··· THE RECORDS
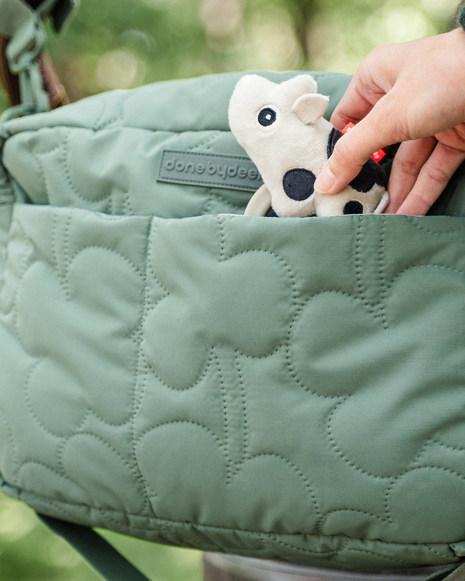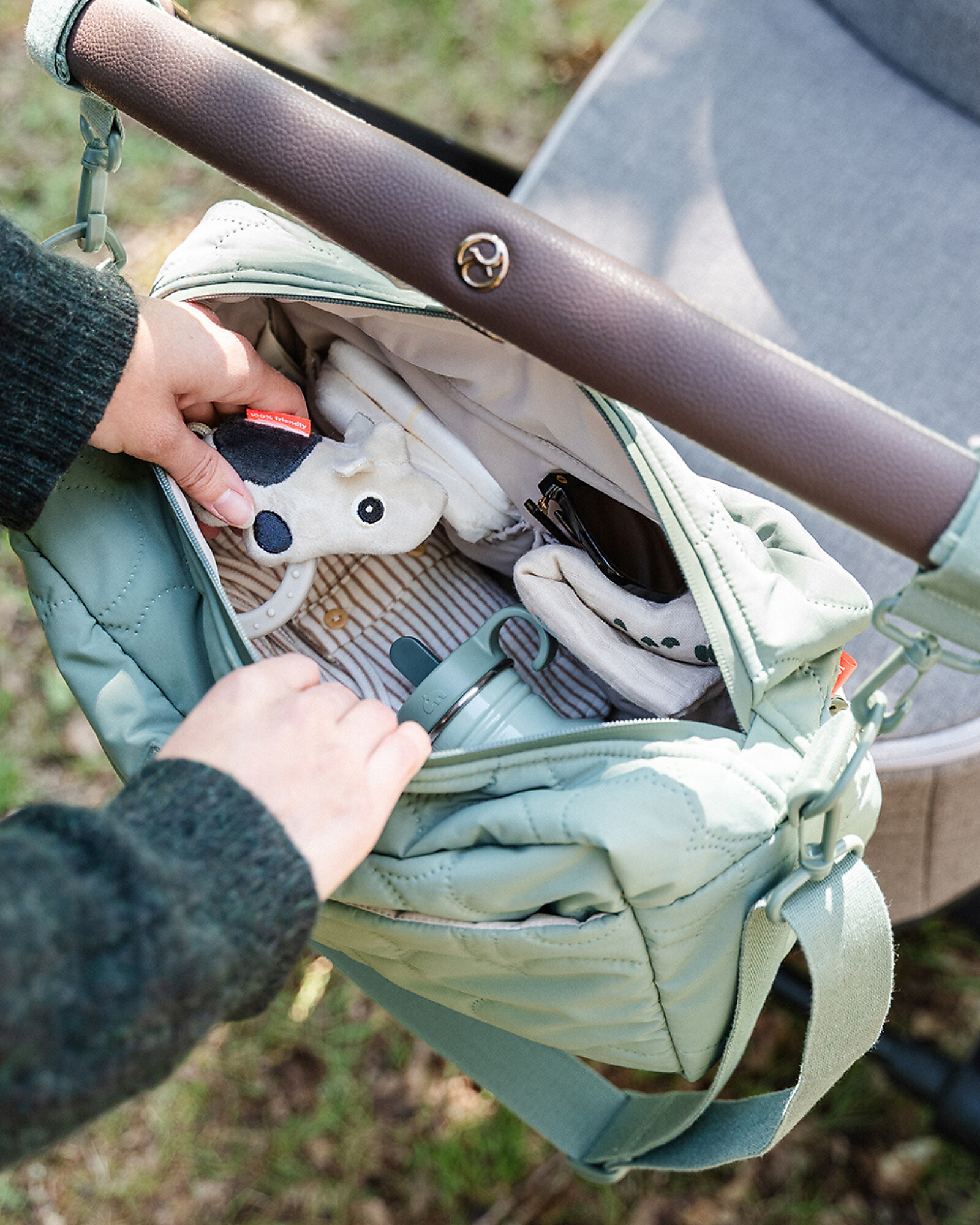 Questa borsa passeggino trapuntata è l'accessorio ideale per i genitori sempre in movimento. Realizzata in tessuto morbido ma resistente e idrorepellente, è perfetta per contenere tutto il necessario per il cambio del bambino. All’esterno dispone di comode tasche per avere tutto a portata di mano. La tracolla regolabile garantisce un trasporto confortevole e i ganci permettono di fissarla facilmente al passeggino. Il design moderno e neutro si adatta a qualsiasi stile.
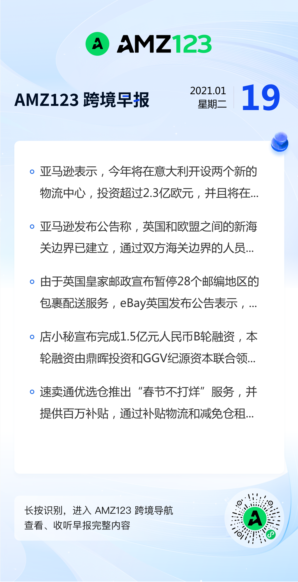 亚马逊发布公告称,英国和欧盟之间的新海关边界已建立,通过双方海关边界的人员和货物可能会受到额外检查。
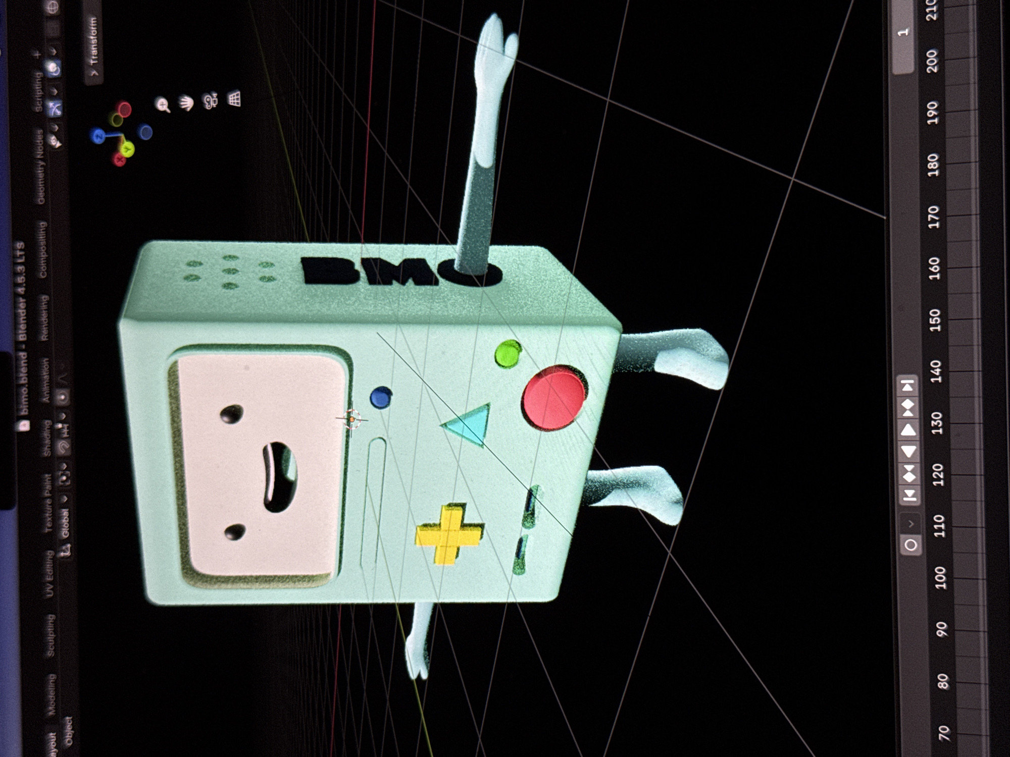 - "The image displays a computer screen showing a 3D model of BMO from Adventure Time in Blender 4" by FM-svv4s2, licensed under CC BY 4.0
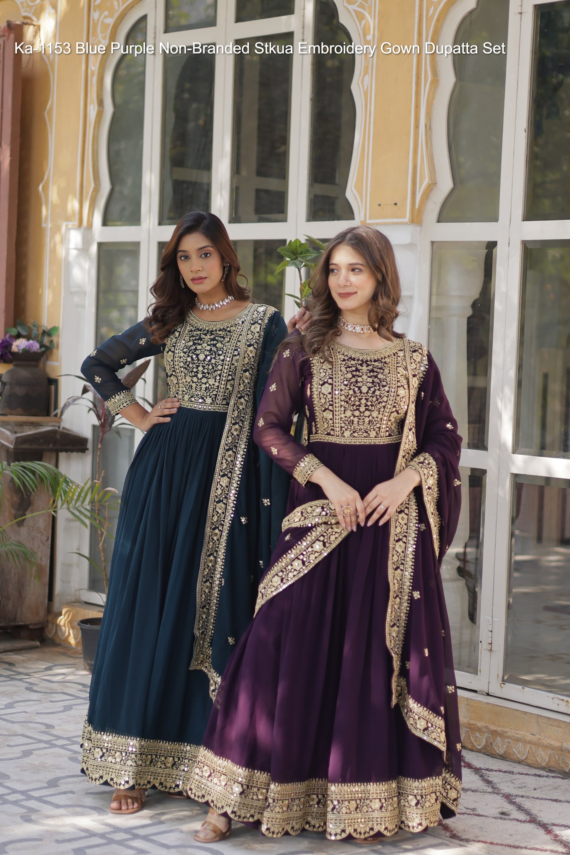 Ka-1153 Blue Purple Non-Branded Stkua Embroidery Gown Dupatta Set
······
··· THE RECORDS
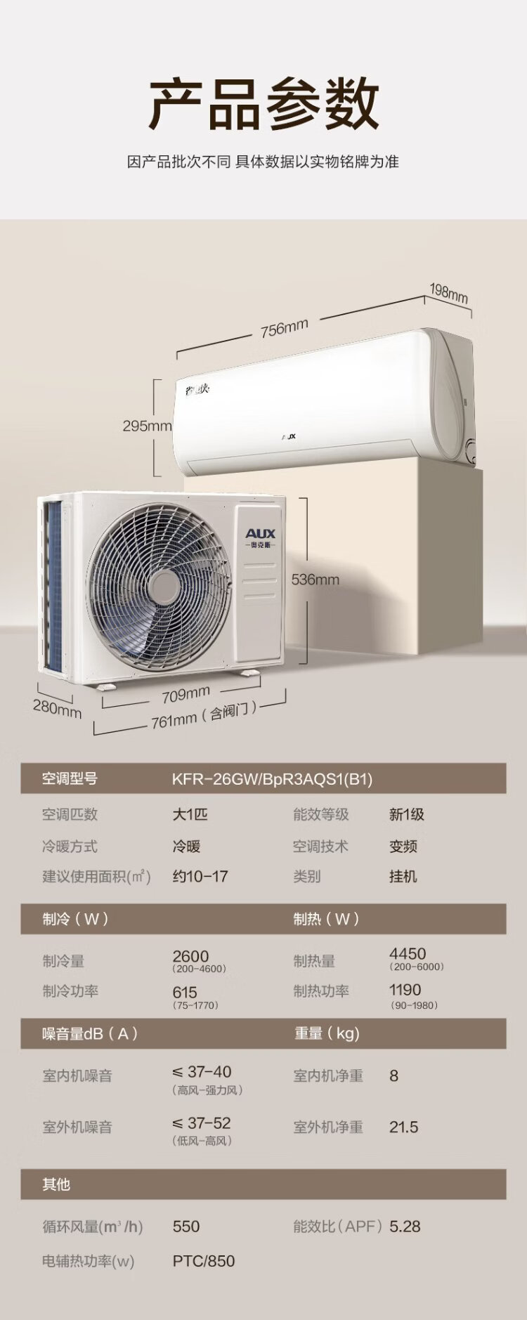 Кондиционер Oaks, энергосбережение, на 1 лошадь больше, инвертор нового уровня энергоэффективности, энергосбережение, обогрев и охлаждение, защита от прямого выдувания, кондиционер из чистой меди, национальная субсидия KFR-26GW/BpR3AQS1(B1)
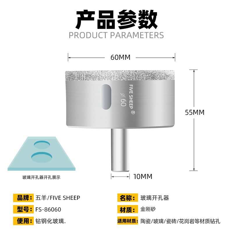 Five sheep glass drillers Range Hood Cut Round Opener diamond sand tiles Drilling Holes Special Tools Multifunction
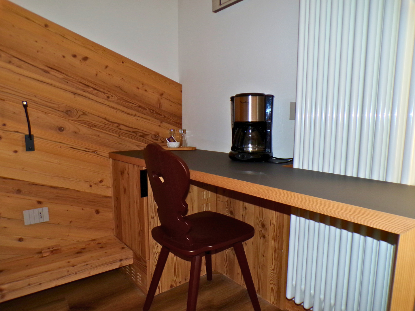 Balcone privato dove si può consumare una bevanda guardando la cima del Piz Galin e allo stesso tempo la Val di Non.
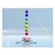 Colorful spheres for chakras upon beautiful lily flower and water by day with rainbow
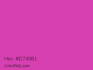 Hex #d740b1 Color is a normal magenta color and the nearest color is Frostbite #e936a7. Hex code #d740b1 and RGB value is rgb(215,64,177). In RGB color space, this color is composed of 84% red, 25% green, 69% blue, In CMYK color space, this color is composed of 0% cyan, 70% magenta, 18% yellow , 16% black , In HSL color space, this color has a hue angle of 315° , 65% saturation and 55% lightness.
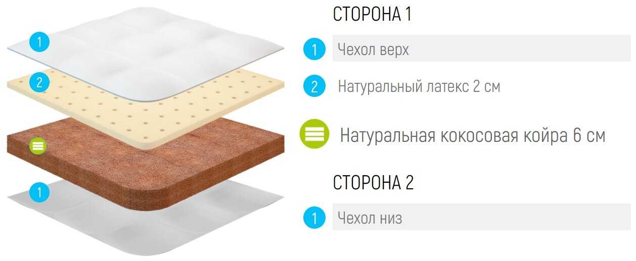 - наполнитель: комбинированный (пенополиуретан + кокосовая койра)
······
● YOUR INSTRUCTIONS: How would the lines above read from the one with "Questa borsa passeggino" to the one with "亚马逊发布公告称,英国和欧盟", inclusive, with no pictures? Write them out exactly.

● SOLUTION FOR THIS PROBLEM:
 Questa borsa passeggino trapuntata è l'accessorio ideale per i genitori sempre in movimento. Realizzata in tessuto morbido ma resistente e idrorepellente, è perfetta per contenere tutto il necessario per il cambio del bambino. All’esterno dispone di comode tasche per avere tutto a portata di mano. La tracolla regolabile garantisce un trasporto confortevole e i ganci permettono di fissarla facilmente al passeggino. Il design moderno e neutro si adatta a qualsiasi stile.
 亚马逊发布公告称,英国和欧盟之间的新海关边界已建立,通过双方海关边界的人员和货物可能会受到额外检查。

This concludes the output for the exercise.